British music critic

Nik Cohn (born 1946), also written Nick Cohn, is a British writer.

==Life and career==
Cohn was born in London, England and brought up in Derry in Northern Ireland. He is the son of historian Norman Cohn and Russian writer Vera Broido. An incomer to the tight-knit town, he spent most of his time at the local record shop and the walk there, from his home on campus at Magee University College, inspired one of his earliest stories, "Delinquent in Derry". He left the city to attend the Royal Grammar School in Newcastle upon Tyne in England, then moved to London.

Cohn is considered by some critics to have helped originate rock criticism while writing columns for Queen. His first major book, Awopbopaloobop Alopbamboom, was first published in 1969. Cohn has since published articles, novels and music books regularly.

When reviewing a rough mix of the Who's rock opera Tommy, he told the group members that the album lacked a hit single. Hearing this, Pete Townshend decided to take the song "Pinball Wizard", which he had already written knowing that Cohn was a fan of pinball, and incorporate it into the rock opera. Cohn also panned The Beatles and Abbey Road upon their release in reviews for The New York Times.

It has long been rumoured that Cohn's novel I Am Still the Greatest Says Johnny Angelo was an inspiration for David Bowie's album The Rise and Fall of Ziggy Stardust and the Spiders from Mars.

He wrote the 1976 New York article "Tribal Rites of the New Saturday Night", which was the source material for the movie Saturday Night Fever. In 1996, Cohn revealed the article to have been a complete fabrication, based only on clubgoers he knew from his native England.

In the early 1980s, he was indicted on drug trafficking charges for importing $4 million worth of Indian heroin. He refused to give a testimony and the trafficking charges were subsequently dropped. Instead, he was given five years' probation and fined $5,000 for possession.
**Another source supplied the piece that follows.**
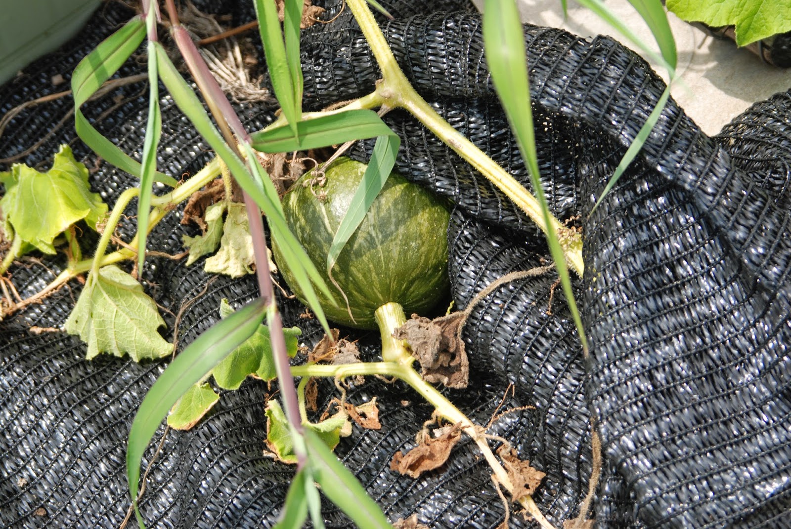 6月の終わりから7月にかけて遮光ネットの上をカボチャの蔓が元気よく伸びていた。
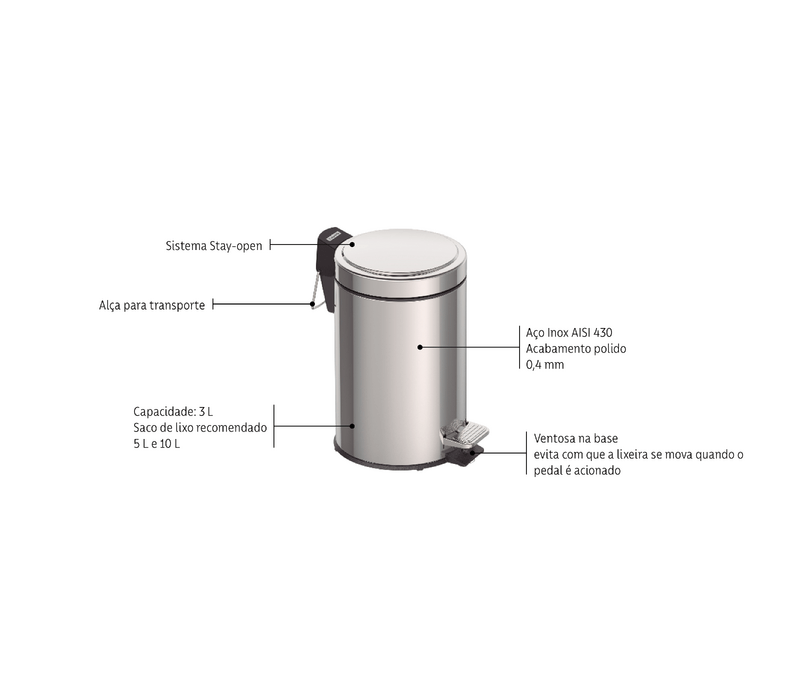 El día a día de su casa va a ser mucho más práctico con el basurero de acero inoxidable con pedal Tramontina con terminación pulida y balde interno de 3 l. Fabricado con materiales que garantizan sofisticación y funcionalidad, tiene capacidad de 3 l y es ideal para el ambiente de su elección. Fabricado en acero inoxidable con terminación pulida, es un producto con calidad brasileña. La tapa con gancho le asegura mayor resistencia al producto. La apertura por medio de pedal también es muy resistente, siendo posible el uso de 1 millón de ciclos (apertura y cierre). Tiene balde interno removible, (no tiene asa de transporte) y ventosa en la base que evita el movimiento del producto cuando se acciona el pedal. Un objeto moderno para las tareas diarias.

Cohn was a columnist for The Guardian in the mid- to late 1990s as he researched his book on the underbelly of England, Yes We Have No: Adventures in the Other England. He is also a regular contributor to Granta. In 2016, Awopbopaloobop Alopbamboom was listed by The Guardians Robert McCrum as one of the "100 Best Nonfiction Books of All Time." It and The Heart of the World were subsequently reissued by Penguin UK's Vintage Classics imprint.

== Bibliography ==

Fiction

- Market (1965)
- I Am Still the Greatest Says Johnny Angelo (1967)
- Arfur (1973)
- King Death (1975)
- Need (1997)
- Manhattan Babylon (1999)

Non-Fiction

- Awopbopaloobop Alopbamboom: The Golden Age of Rock (1968) - Revised 1972
- ROCK -From The Beginning (1969)
- Today There are No Gentlemen (1971)
- Rock Dreams (1974) - Cohn, Nik & Peellaert, Guy
- The Elvis years (1975) - Magazine
- The Rolling Stones: A celebration (1975)
- Ball the Wall: Nik Cohn in the Age of Rock (1989)
- The Heart of the World (1992)
- Yes We Have No: Adventures in the Other England (1999)
- Twentieth Century Dreams (1999) - Cohn, Nik & Peellaert, Guy
- Soljas (2002) - Cohn, Nik & Dorner, Julia|
- Triksta : Life and Death and New Orleans Rap (2005)
- Bye Bye, Bye Baby, Bye Bye (2009) - with Michael Herr, Elisabeth Peellaert
- The Noise From the Streets (2014)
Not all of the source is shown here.